So, what some people say is "If modes are bad, then we have to get rid of them". Wrong! What you need is MORE modes, not less. Ideally, you need a couple of modes at every single possible note on the scale, such that all notes sound the same in your room. In other words, the reverberant field would be smooth and even. Modes would be very close together, and evenly spread. And this is where Mr. Schroeder comes into the picture: he figured out that if you have three modes for any given note on the scale, you are fine (sort of... he phrased it a bit different, but that's the idea). So, as you go up the scale, the modes get closer and closer, more and more dense, until eventually there are at least 3 for each note. That point, where you first get three modes per note, is the Schroeder Frequency.

So trying to "get rid of modes" is a bad idea. And even if it were a good idea, it would still be impossible! Because modes are related to walls, the only way to get rid of modes is with a bulldozer! Knock down the walls... :shock:

That's a drastic solution, but obviously the only way to get a control room that has no modes at all, is to have no walls! Go mix in the middle of a big empty field, sitting on top of a 56 foot (17 M) ladder, and you'll have no modes to worry about.... 8) :roll:

:shot:

Since that isn't feasible, we have to learn to live with modes.

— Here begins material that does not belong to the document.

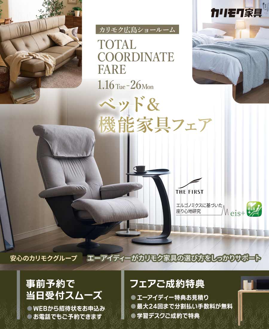 カリモク家具 広島ショールーム ベッド&機能家具フェア
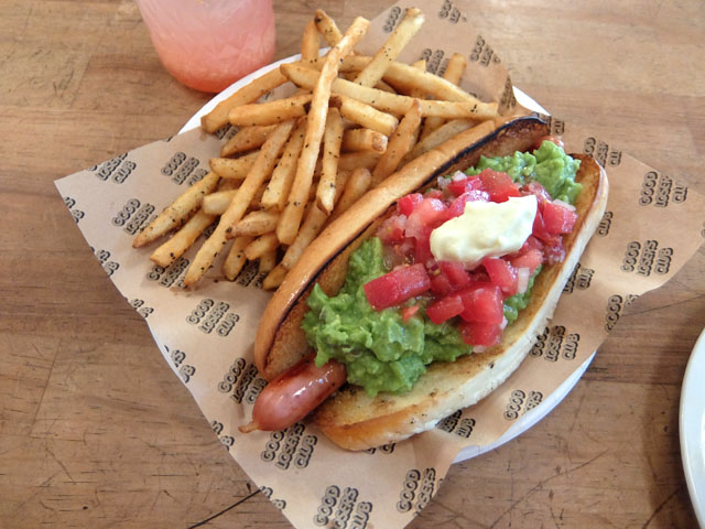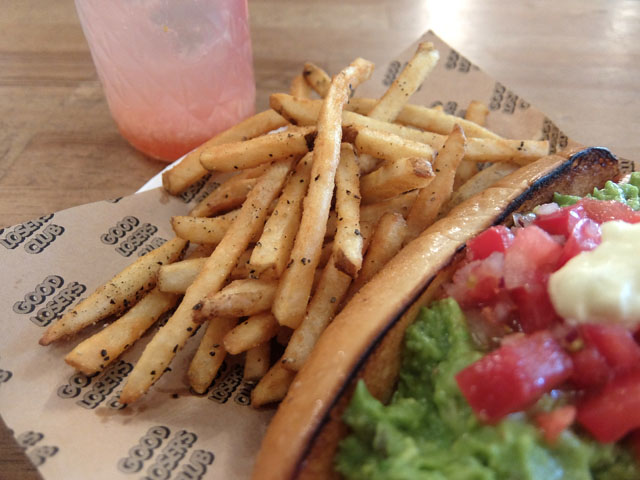 ホットドッグからこぼれ落ちたワカモレサルサはこのポテトにディップしていただきます。

Or rather, we have to learn to live with the LACK of modes in the low end. As I said, the problem is not that we have too many modes, but rather that we don't have enough of them in the low frequencies.

Obviously, for any give room there is a point on the spectrum where there are "enough" modes. Above that point, there are several modes per note, but below it there are not.

There's a mathematical method for determining where that point is: Schroeder was the guy who figured it out, years ago, so it is now known as the Schroeder frequency for the room. Above the Schroeder frequency for a room, modes are not a problem, because there are are lots of them spaced very close together. Below the Schroeder frequency, there's a problem: the modes are spaced far apart, and unevenly. (The Schroeder frequency is a bit more complex than just that, since it also considers treatment, but this gives you an idea...)

In fact, there's a very simple equation for calculating what the Schroeder frequency is for any give room:

f(sch) >= 2000*sqrt(T60/V)

Where:
T60 is the 60 dB decay time for the room,
V is the cubic volume of the room.

It's that simple.

This next part is more for people who are able to design their room from scratch, where they can change their dimensions a bit for the walls and ceiling height. It's not relevant to your question here, nor to Abraham's room since his walls are fixed and he can't move them, bit it does help to understand modes better.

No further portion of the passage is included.